[Stored records]
⟨

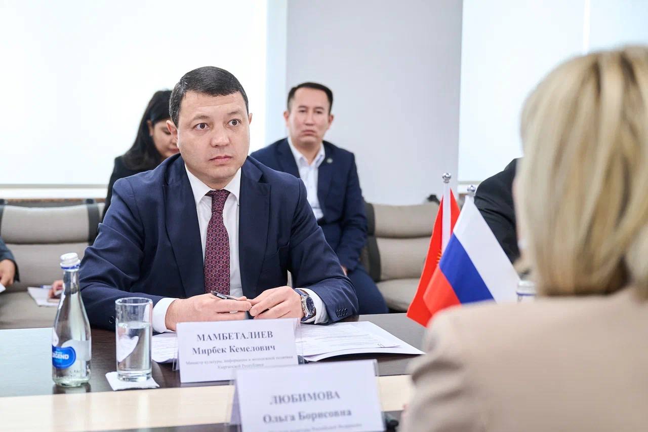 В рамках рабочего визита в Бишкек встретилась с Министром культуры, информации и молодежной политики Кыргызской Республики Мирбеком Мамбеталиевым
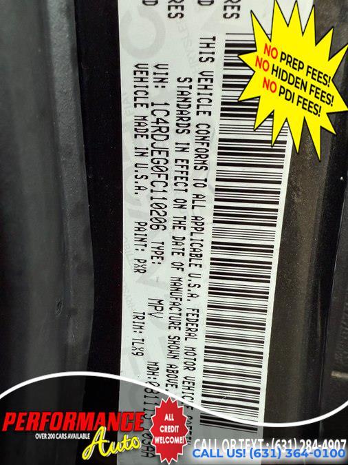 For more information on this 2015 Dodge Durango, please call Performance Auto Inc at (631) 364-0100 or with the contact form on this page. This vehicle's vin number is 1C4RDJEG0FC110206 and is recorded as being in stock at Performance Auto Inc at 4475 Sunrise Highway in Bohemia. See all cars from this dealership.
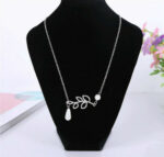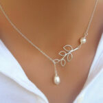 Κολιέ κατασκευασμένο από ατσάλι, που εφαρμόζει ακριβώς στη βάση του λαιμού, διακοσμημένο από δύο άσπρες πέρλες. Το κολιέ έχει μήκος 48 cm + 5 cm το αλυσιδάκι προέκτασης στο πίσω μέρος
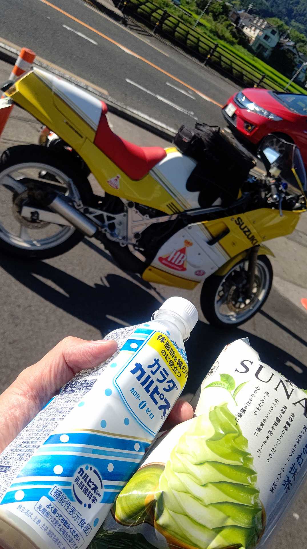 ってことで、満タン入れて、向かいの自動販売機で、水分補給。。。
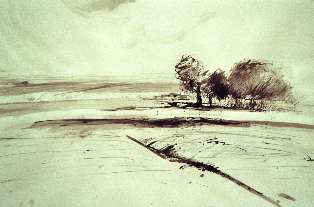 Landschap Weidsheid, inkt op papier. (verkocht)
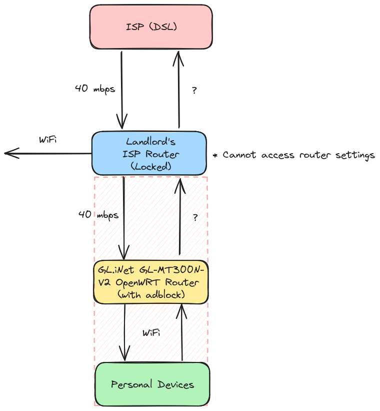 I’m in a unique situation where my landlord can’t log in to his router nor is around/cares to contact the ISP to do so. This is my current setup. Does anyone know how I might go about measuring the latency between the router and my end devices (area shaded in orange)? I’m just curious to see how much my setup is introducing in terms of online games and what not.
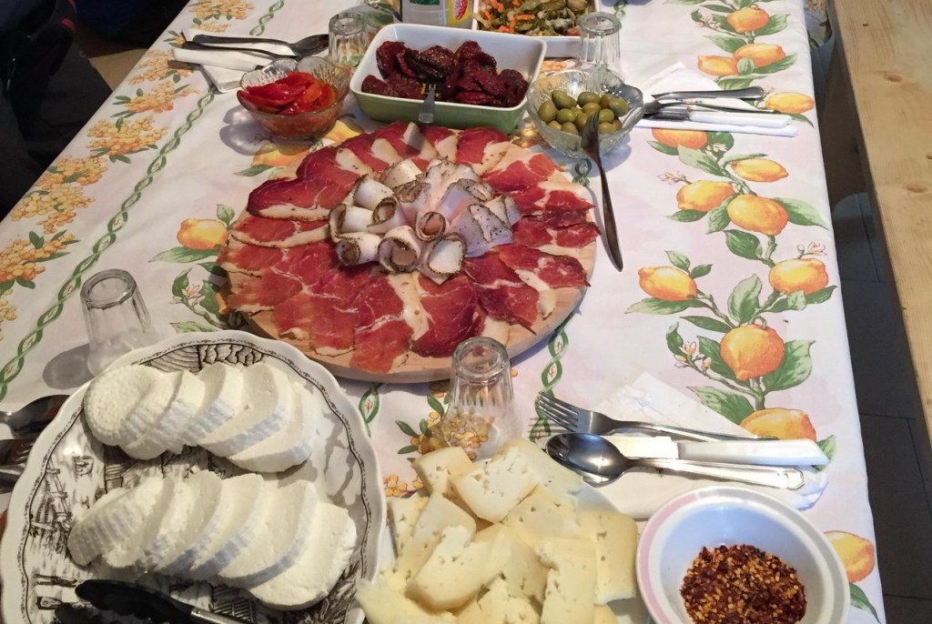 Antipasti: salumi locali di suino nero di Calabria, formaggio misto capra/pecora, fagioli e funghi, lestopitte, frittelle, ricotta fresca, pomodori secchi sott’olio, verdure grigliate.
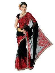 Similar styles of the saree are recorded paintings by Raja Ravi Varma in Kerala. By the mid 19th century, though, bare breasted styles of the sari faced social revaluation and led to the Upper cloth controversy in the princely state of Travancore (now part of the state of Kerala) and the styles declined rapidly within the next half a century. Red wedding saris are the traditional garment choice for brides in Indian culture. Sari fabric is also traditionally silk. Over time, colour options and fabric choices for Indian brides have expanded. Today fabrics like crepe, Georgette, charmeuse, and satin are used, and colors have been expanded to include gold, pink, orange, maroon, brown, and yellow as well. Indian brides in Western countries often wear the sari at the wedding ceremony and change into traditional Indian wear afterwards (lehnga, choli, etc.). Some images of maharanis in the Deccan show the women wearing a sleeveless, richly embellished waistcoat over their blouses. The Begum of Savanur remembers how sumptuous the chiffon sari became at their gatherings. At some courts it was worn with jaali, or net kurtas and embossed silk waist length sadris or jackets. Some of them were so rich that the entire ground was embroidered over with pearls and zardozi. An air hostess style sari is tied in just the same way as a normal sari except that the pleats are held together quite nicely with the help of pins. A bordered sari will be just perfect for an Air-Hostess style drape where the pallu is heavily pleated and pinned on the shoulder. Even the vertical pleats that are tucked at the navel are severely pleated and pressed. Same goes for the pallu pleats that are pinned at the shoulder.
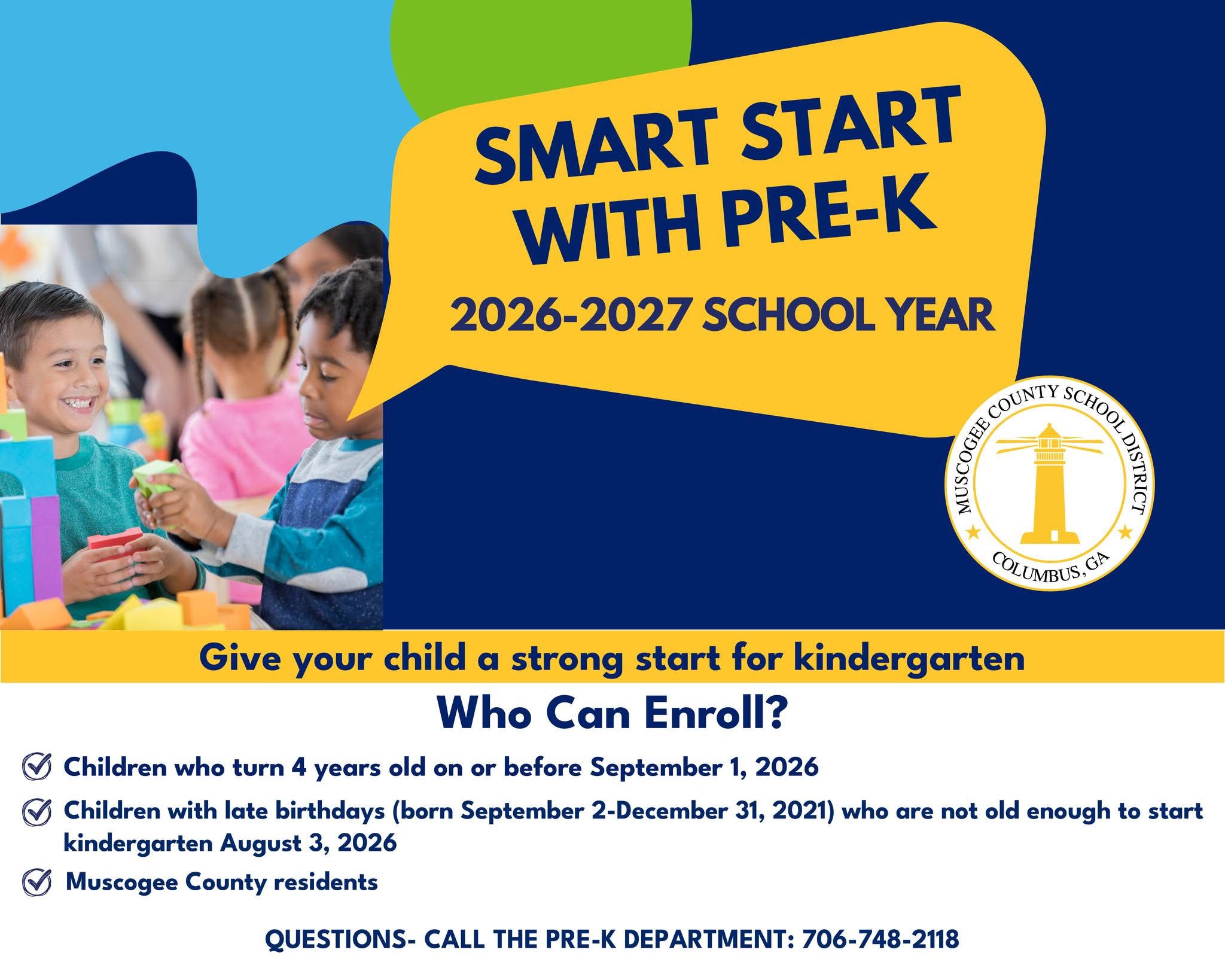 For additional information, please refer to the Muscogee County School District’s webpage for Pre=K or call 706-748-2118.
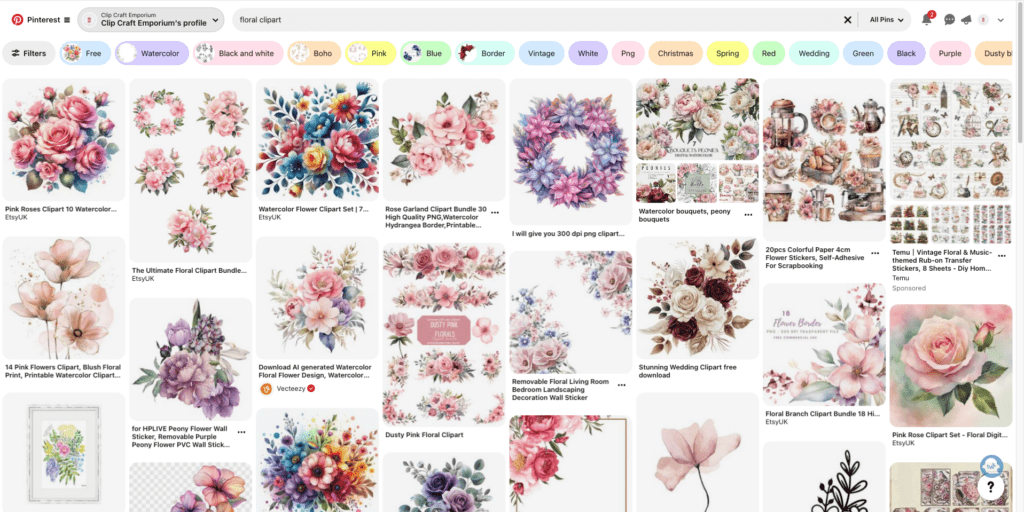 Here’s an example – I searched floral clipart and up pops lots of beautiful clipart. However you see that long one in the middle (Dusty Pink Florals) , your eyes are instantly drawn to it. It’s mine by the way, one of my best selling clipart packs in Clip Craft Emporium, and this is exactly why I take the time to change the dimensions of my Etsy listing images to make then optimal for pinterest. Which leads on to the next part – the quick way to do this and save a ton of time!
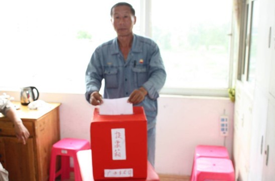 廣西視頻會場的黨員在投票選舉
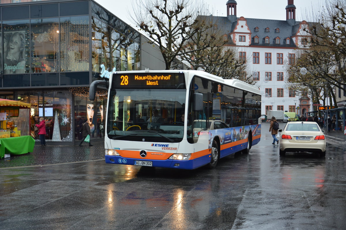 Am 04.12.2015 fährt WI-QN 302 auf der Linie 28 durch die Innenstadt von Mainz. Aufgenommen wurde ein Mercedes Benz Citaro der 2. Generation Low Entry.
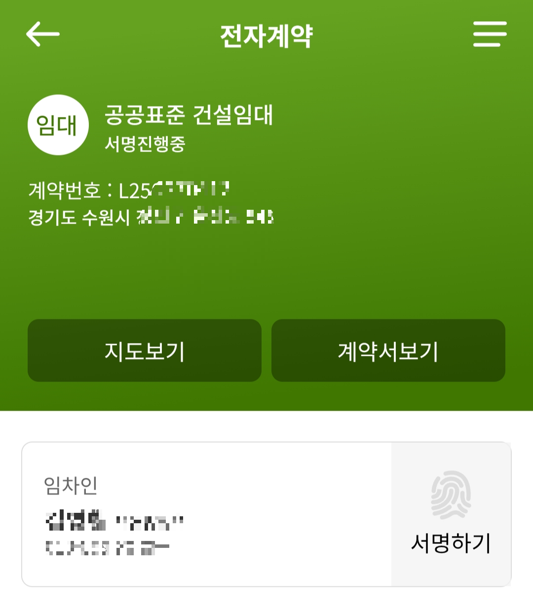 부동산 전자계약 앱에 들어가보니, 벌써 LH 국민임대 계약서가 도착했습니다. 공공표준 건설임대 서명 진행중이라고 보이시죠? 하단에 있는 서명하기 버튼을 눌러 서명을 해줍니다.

⟩

*Work instructions*
You are asked to reproduce each line above exactly, but to exclude the pictures.

*Final answer*
 В рамках рабочего визита в Бишкек встретилась с Министром культуры, информации и молодежной политики Кыргызской Республики Мирбеком Мамбеталиевым
 For more information on this 2015 Dodge Durango, please call Performance Auto Inc at (631) 364-0100 or with the contact form on this page. This vehicle's vin number is 1C4RDJEG0FC110206 and is recorded as being in stock at Performance Auto Inc at 4475 Sunrise Highway in Bohemia. See all cars from this dealership.
 Κολιέ κατασκευασμένο από ατσάλι, που εφαρμόζει ακριβώς στη βάση του λαιμού, διακοσμημένο από δύο άσπρες πέρλες. Το κολιέ έχει μήκος 48 cm + 5 cm το αλυσιδάκι προέκτασης στο πίσω μέρος
 ってことで、満タン入れて、向かいの自動販売機で、水分補給。。。
 Landschap Weidsheid, inkt op papier. (verkocht)
 I’m in a unique situation where my landlord can’t log in to his router nor is around/cares to contact the ISP to do so. This is my current setup. Does anyone know how I might go about measuring the latency between the router and my end devices (area shaded in orange)? I’m just curious to see how much my setup is introducing in terms of online games and what not.
 Antipasti: salumi locali di suino nero di Calabria, formaggio misto capra/pecora, fagioli e funghi, lestopitte, frittelle, ricotta fresca, pomodori secchi sott’olio, verdure grigliate.
 Similar styles of the saree are recorded paintings by Raja Ravi Varma in Kerala. By the mid 19th century, though, bare breasted styles of the sari faced social revaluation and led to the Upper cloth controversy in the princely state of Travancore (now part of the state of Kerala) and the styles declined rapidly within the next half a century. Red wedding saris are the traditional garment choice for brides in Indian culture. Sari fabric is also traditionally silk. Over time, colour options and fabric choices for Indian brides have expanded. Today fabrics like crepe, Georgette, charmeuse, and satin are used, and colors have been expanded to include gold, pink, orange, maroon, brown, and yellow as well. Indian brides in Western countries often wear the sari at the wedding ceremony and change into traditional Indian wear afterwards (lehnga, choli, etc.). Some images of maharanis in the Deccan show the women wearing a sleeveless, richly embellished waistcoat over their blouses. The Begum of Savanur remembers how sumptuous the chiffon sari became at their gatherings. At some courts it was worn with jaali, or net kurtas and embossed silk waist length sadris or jackets. Some of them were so rich that the entire ground was embroidered over with pearls and zardozi. An air hostess style sari is tied in just the same way as a normal sari except that the pleats are held together quite nicely with the help of pins. A bordered sari will be just perfect for an Air-Hostess style drape where the pallu is heavily pleated and pinned on the shoulder. Even the vertical pleats that are tucked at the navel are severely pleated and pressed. Same goes for the pallu pleats that are pinned at the shoulder.
 For additional information, please refer to the Muscogee County School District’s webpage for Pre=K or call 706-748-2118.
 Here’s an example – I searched floral clipart and up pops lots of beautiful clipart. However you see that long one in the middle (Dusty Pink Florals) , your eyes are instantly drawn to it. It’s mine by the way, one of my best selling clipart packs in Clip Craft Emporium, and this is exactly why I take the time to change the dimensions of my Etsy listing images to make then optimal for pinterest. Which leads on to the next part – the quick way to do this and save a ton of time!
 廣西視頻會場的黨員在投票選舉
 Am 04.12.2015 fährt WI-QN 302 auf der Linie 28 durch die Innenstadt von Mainz. Aufgenommen wurde ein Mercedes Benz Citaro der 2. Generation Low Entry.
 부동산 전자계약 앱에 들어가보니, 벌써 LH 국민임대 계약서가 도착했습니다. 공공표준 건설임대 서명 진행중이라고 보이시죠? 하단에 있는 서명하기 버튼을 눌러 서명을 해줍니다.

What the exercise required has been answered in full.